Um dos principais escritores da segunda metade do século 20 e do início do 21, Philip Roth (que morreu em 2018) completaria 90 anos neste domingo, 19 de março. Newark, em Nova Jersey, nos Estados Unidos, não era apenas a cidade natal do autor – era também, transformada em ficção, o frequente palco sobre o qual esse autor formulava e encenava diferentes interações humanas.
O território dispõe-se tão vívido e importante na obra de Roth que, dentro de seus livros, quase conseguimos divisar as ruas de um mapa da cidade – entrelaçadas com as linhas das páginas ou com as veias dos personagens (quem diria que aqueles personagens, construídos com tanta profundidade, não têm veias e órgãos e ossos?) que por ali caminham, conversam, discutem, trabalham, gracejam, copulam, enganam-se, odeiam, traem, sonham, fracassam, envelhecem, morrem.
Não poderia ser diferente: Newark preparou, para 2023, uma homenagem à altura de seu narrador de maior expressão. Com participação de Christian Lorentzen, Alexandra Marshall e Elisa Albert, por exemplo, na conferência Roth@90, organizada pela Philip Roth Society, além de Claudia Roth Pierpont, Morgan Spector e S. Epatha Merkerson no festival Philip Roth Unbound, e também com a apresentação da prévia de uma adaptação para o teatro, por John Turturro e Ariel Levy, do romance O Teatro de Sabbath.
Além do Philip Roth Bus Tours of Newark, o ônibus que percorre (com paradas) diversos pontos relacionados ao escritor (a casa em que ele nasceu, a escola em que estudou, etc.), existe um tour audioguiado pela sua biblioteca pessoal, a The Philip Roth Personal Library. Em vida, o autor de O Complexo de Portnoy doou cerca de sete mil livros para a Biblioteca Pública de Newark. Roth chegou a escolher a sala em que os livros ficariam expostos após sua morte.
Lá estão. E, entre muitos volumes de Bellow, Kundera, Faulkner, Chekhov, Camus, Joyce, Kafka, e ainda de conterrâneos contemporâneos como Don DeLillo, Paul Auster, Nathan Englander (todos, por sinal, estiveram em sua festa de aniversário de 80 anos, no Newark Museum) e Edna O’Brien (também presente na festa), há autores latino-americanos, Borges, García Márquez, Vargas Llosa, Carlos Fuentes, e três brasileiros.

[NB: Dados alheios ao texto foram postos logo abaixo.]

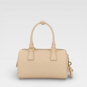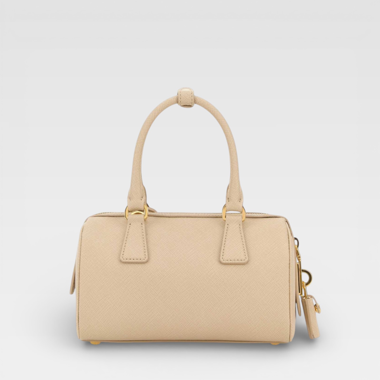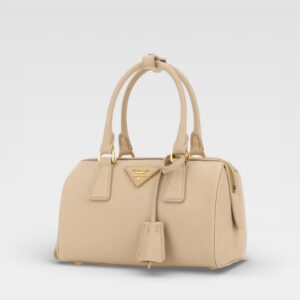 Bolso estructurado confeccionado en material texturizado beige, realzado con detalles metálicos dorados y el distintivo triángulo Prada en el frente. Incorpora dos asas superiores redondeadas y un colgante decorativo, aportando un toque sofisticado y práctico a cada conjunto.
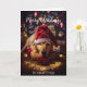 Personalisierter Name oder Meldung. Adorabler Hund mit Weihnachtshut unter dem Baum.
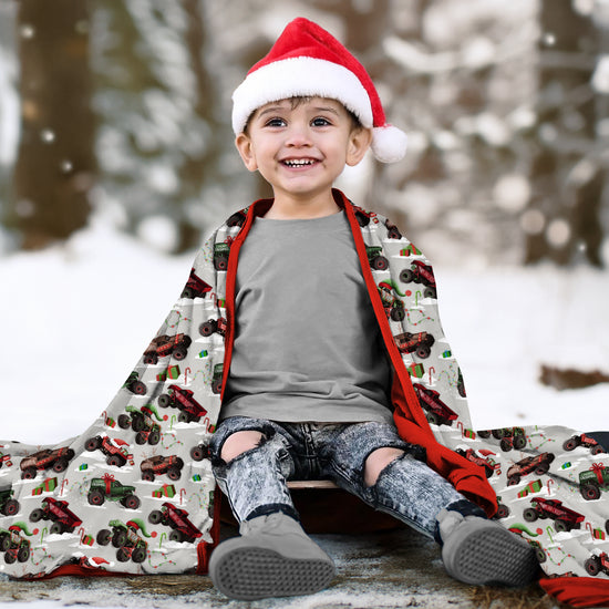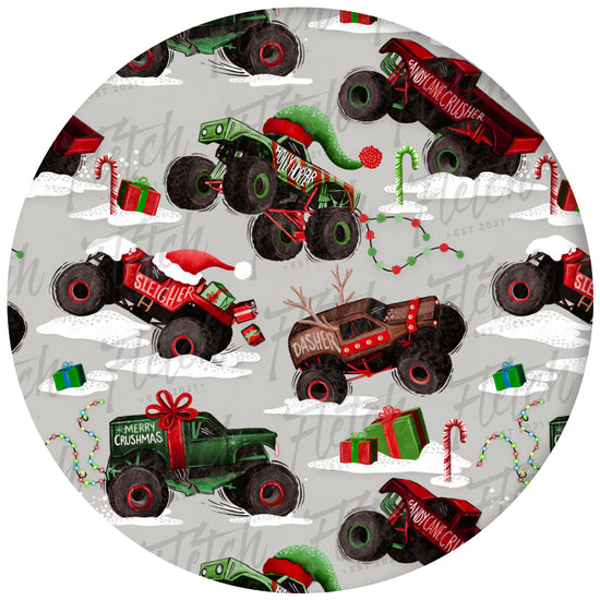 This epic Christmas design is revving up the holiday spirit with some seriously rad monster trucks! Little dudes/dudettes will be stoked to see these big-wheeled motors decked out in festive holiday style. The print features monster trucks with names like "Sleighride," "Merry Crushmas," and "Joyride" that are totally perfect for the season because who says Santa can't ride in style with oversized tires and serious horsepower!

Em traduções para o inglês: de Carmen L. Oliveira, Flores Raras e Banalíssimas (nenhuma publicação individual, entretanto, de Elizabeth Bishop); de Clarice Lispector, Paixão Segundo G.H. (somada à biografia de Clarice por Benjamin Moser); e, de Machado de Assis, duas edições iguais de Quincas Borba, em tradução de Clotilde Wilson, Dom Casmurro, em tradução de Helen Caldwell, e duas edições diferentes da tradução de William L. Grossman de Memórias Póstumas de Brás Cubas.
Brás Cubas
Dos autores brasileiros, somente a edição de 1985 de Brás Cubas foi marcada. Esparsos grifos. Logo na introdução, Roth sublinhou: “Privado da estima dos graves e do amor dos frívolos, que são as duas colunas máximas da opinião”; depois, junto a outros firmes traços de caneta preta, o início do sexto capítulo e a pergunta “Ainda visitando os defuntos?”.
Segundo Nadine Giron, bibliotecária responsável pela coleção, Roth anotava os livros que, enquanto foi professor, utilizava em sala de aula – sem deixar de marcar, porém, livros que eventualmente resenhava ou que lia por prazer. Para quem está habituado ao estilo de Roth, não é difícil vincular sua voz (da brutal segunda metade de sua obra, sobretudo) às frases de Machado sublinhadas; e não seria difícil imaginar em Pastoral Americana ou em Casei Com um Comunista algum personagem (daqueles com veias, órgãos e ossos) andando pelo palco ficcional de Newark e dizendo “a coisa é divertida, mas digere-me”.